- _Available records_:
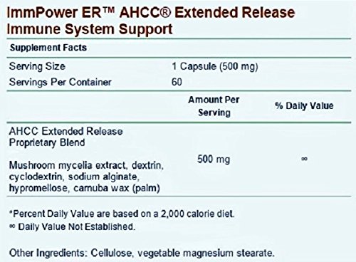 -. LegalDisclaimer : ImmPower ERTM AHCC® 60 Caps Dietary Supplement - Enhance Natural Killer Cell Protection* - Promote Optimal T-Cell and Macrophage Activity* - Prolonged Absorption of Active Ingredients* Sested Use: As a dietary supplement for adults, take one (1) capsule twice a day for general maintenance. For maximum benefit, take up to six (6) capsules per day. Supplement Facts Serving Size: 1 Capsule Servings Per Container: 60 Amount Per Capsule AHCC Extended Release ProP.R.Ietary Blend 500 mg Mushroom mycelia extract, dextrin, cyclodextrin, sodium alginate, hypromellose, carnuba wax (palm) Other ingredients: Cellulose, vegetable magnesium stearate ImmPower ER, AHCC extended release formula, should be used on the recommendation of a health professional. It is best to take ImmPower ER at least one hour away from other supplements and/or medication. KEEP OUT OF REACH OF CHILDREN. CONSULT A HEALTH CARE PROFESSIONAL FIRST IF YOU ARE PREGNANT OR NURSING.
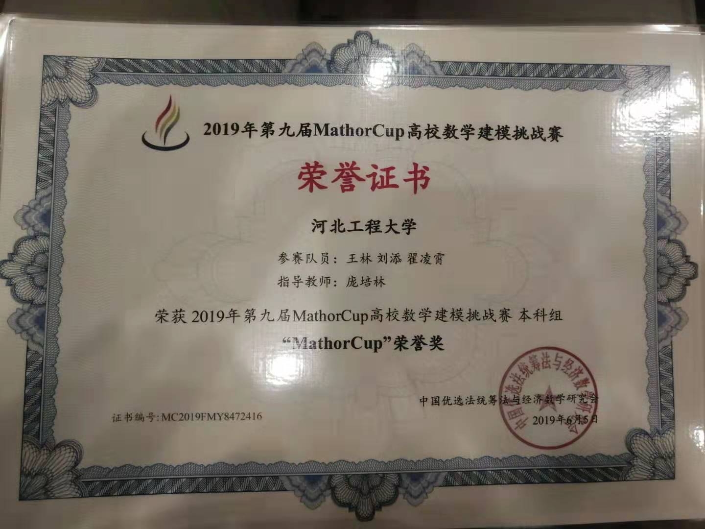 7月20日,第九届MathorCup高校数学建模挑战赛颁奖典礼在中国科学技术大学举行。九州登录学生王林、刘添、翟凌霄组成的战队获MathorCup挑战赛最高奖--MathorCup荣誉奖,指导教师庞培林获优秀指导教师奖,九州登录获优秀组织奖。
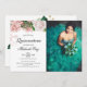 Quinceanera-inbjudan med vintage ro och elegant på vit bakgrund med ett eget foto för den speciella beröringen. All information finns i en kombination av elegant och skriptteckensnitt. Du kan anpassa alla skript och ändra färg till dina egna inställningar. Baksidan har en stor bukett av ro. Fantastisk inbjudan till den viktiga milstolpen i dina flickors liv
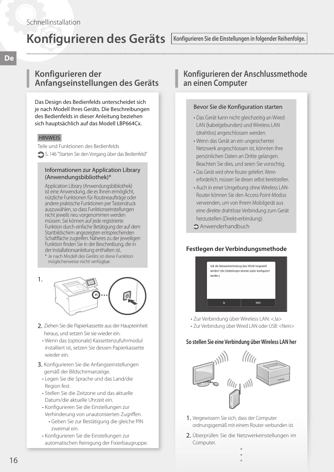 Anfangseinstellungen des Geräts Das Design des Bedienfelds unterscheidet sich je nach Modell Ihres Geräts. Die Beschreibungen des Bedienfelds in dieser Anleitung beziehen sich hauptsächlich auf das Modell LBP664Cx. HINWEIS Teile und Funktionen des Bedienfelds S. 146 "Starten Sie den Vorgang über das Bedienfeld"
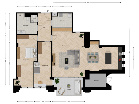 De grootste slaapkamer is ruim genoeg voor een tweepersoonsbed, kastruimte en eventueel een werkplek. De tweede slaapkamer is geschikt als logeerkamer, kantoor of hobbyruimte. De twee inpandige bergingen – van circa 5 en 7 m² – bieden extra veel opbergmogelijkheden.
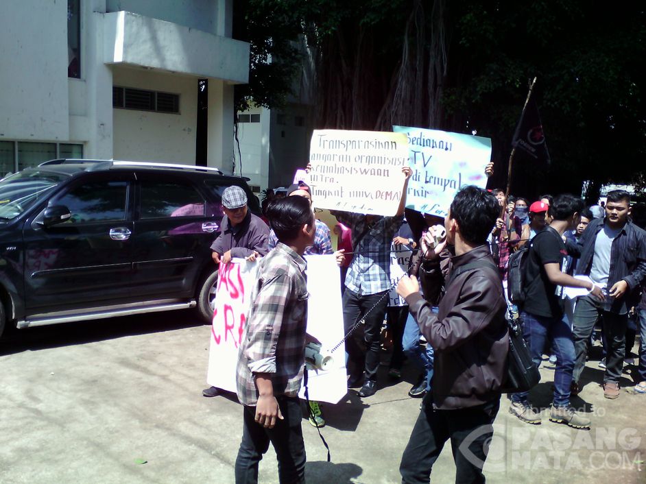 Sejumlah mahasiswa UIN Bandung unjuk rasa menuntut transparansi dana kampus.
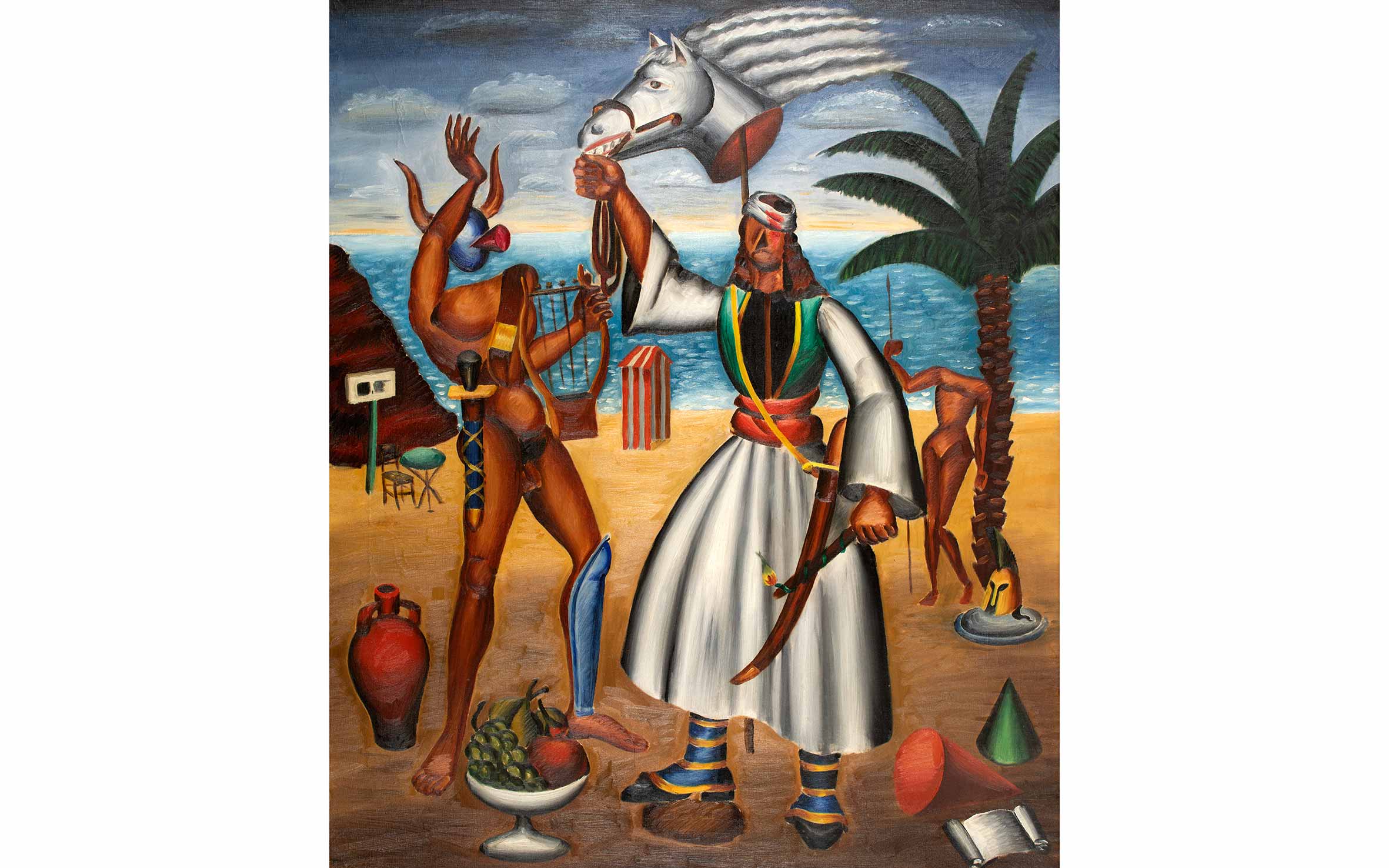 Other notable artwork for sale inspired by the Greek revolution include: Le héros Karaiskakis en guerre avec Kioutachis by Theofilos Hadjimichael (1871-1934), showing commander Georgios Karaiskakis on horseback, pursuing the Turk Reshid Mehmed Pasha, estimated at €80,000-120,000; two war hero portraits by Theofilos Hadjimichael: Le héros Odysseas Androutsos and The fearless Katsantonis, estimated at €30,000-50,000 and €22,000-28,000 respectively; and a striking work by Nikos Engonopoulos (1907-1985), inspired by the Greek revolution at the outbreak of the World War II, titled Sur la guerre d’ Indépendance / Paysage orphique, estimated at €140,000-180,000.
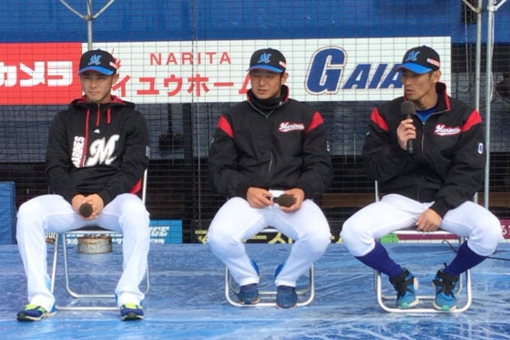 ZOZOマリンで23日に行われたファン感謝デーの目玉企画「謎の魚トーク」に登場したのは、来季の活躍が期待される平沢、吉田、荻野の3選手。「生息域はどこ?」の質問に「木更津、富津」、「年は?」には「大分昔から海にいるのでわからない」など珍妙な答えで、「謎の魚」から来季の目標を聞かれた平沢は「年上の彼女です」と答えをはぐらかし、笑いを誘った。
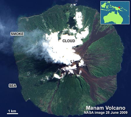 The spectacular view of Manam volcano, off the coast of Papua New Guinea, was captured by NASA’s Earth Observing – 1 satellite. The thin smoke over the northwest is smoke rising from the recent eruption. The thick white clouds formed by the water vapour released by the volcano have covered the peak of the mountain. According to the NASA website, Manami is one of the deadliest and most active volcanoes in Papua New Guinea, which frequently kills people. In the 1996 eruption, 13 villagers were killed, and the eruption in 2004 forced the entire population of the island to evacuate. With about 10km in diameter, Manam Island was created by the volcano itself, which rises up to 1807m.
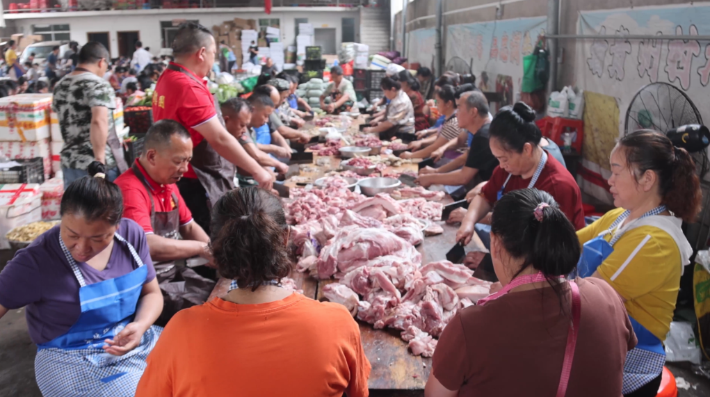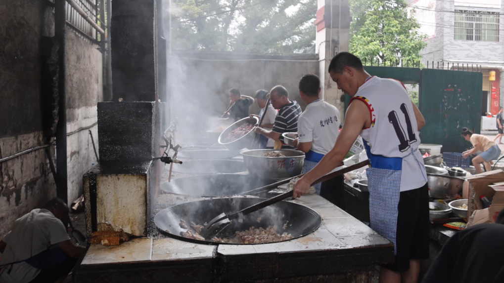 新华社记者来到榕江县忠诚镇忠诚村,在一处后勤伙食保障点看到许多村民正在洗菜、切菜、炒菜、打包,场面热火朝天。
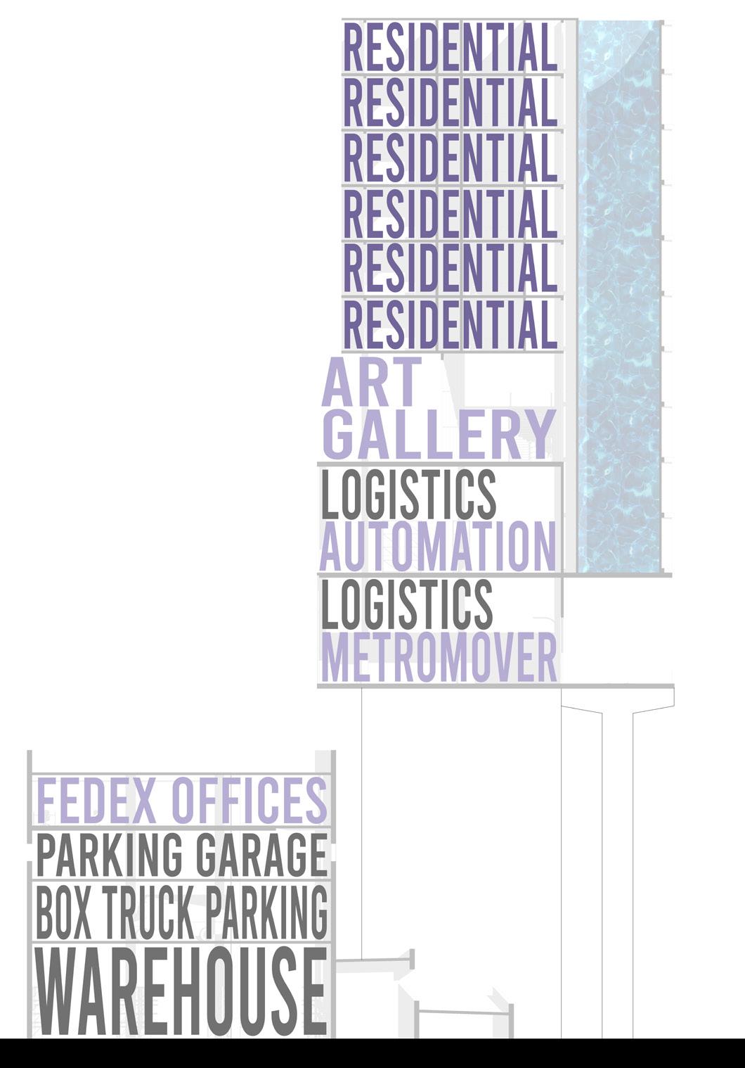 Delivery-service companies, such as Amazon, have become the forefront of consumerism in America. In this context, the current FedEx center in downtown Miami can only be expected to grow further as business expands and new modes of logistics are deployed. Access to the interstate highway and downtown road networks currently drive the system; However, in the future, it should be possible to tie the building into the Metromover rail network. Drones will also likely drive the next generation of delivery systems; meanwhile, access to logistics make vertical farming attractive, capitalizing on the infrastructure of mobility.
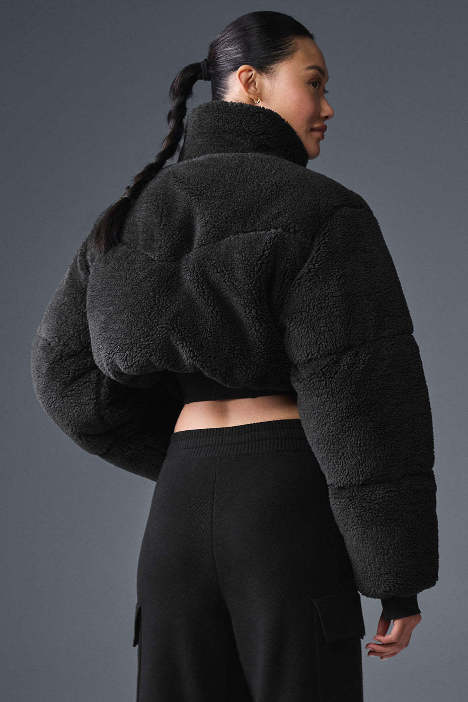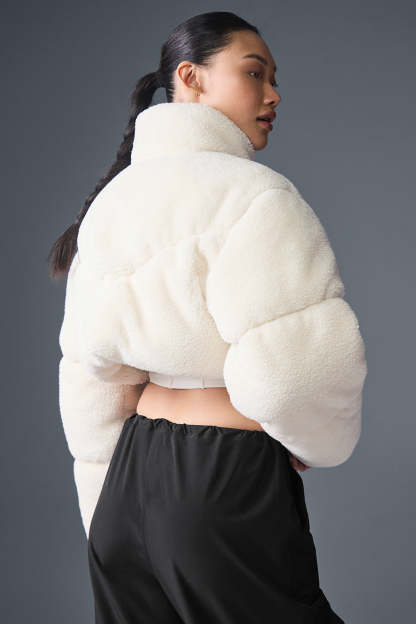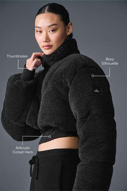 Designed for a puffy silhouette with a cropped fitted hemline—size up if you prefer a more generous fitPlush sherpa exterior100% Polyester
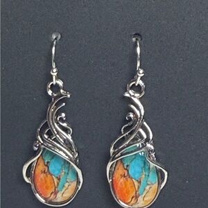 These artistic silver earrings feature stunning turquoise and orange accents, perfect for adding a vibrant touch to your ensemble.

- _What you will do_:
Starting with the line that holds "新华社记者来到榕江县忠诚镇忠", retype each line through the last one in the listing above, exactly as written. Do not copy any pictures.

- _Written reply_:
 新华社记者来到榕江县忠诚镇忠诚村,在一处后勤伙食保障点看到许多村民正在洗菜、切菜、炒菜、打包,场面热火朝天。
 Delivery-service companies, such as Amazon, have become the forefront of consumerism in America. In this context, the current FedEx center in downtown Miami can only be expected to grow further as business expands and new modes of logistics are deployed. Access to the interstate highway and downtown road networks currently drive the system; However, in the future, it should be possible to tie the building into the Metromover rail network. Drones will also likely drive the next generation of delivery systems; meanwhile, access to logistics make vertical farming attractive, capitalizing on the infrastructure of mobility.
 Designed for a puffy silhouette with a cropped fitted hemline—size up if you prefer a more generous fitPlush sherpa exterior100% Polyester
 These artistic silver earrings feature stunning turquoise and orange accents, perfect for adding a vibrant touch to your ensemble.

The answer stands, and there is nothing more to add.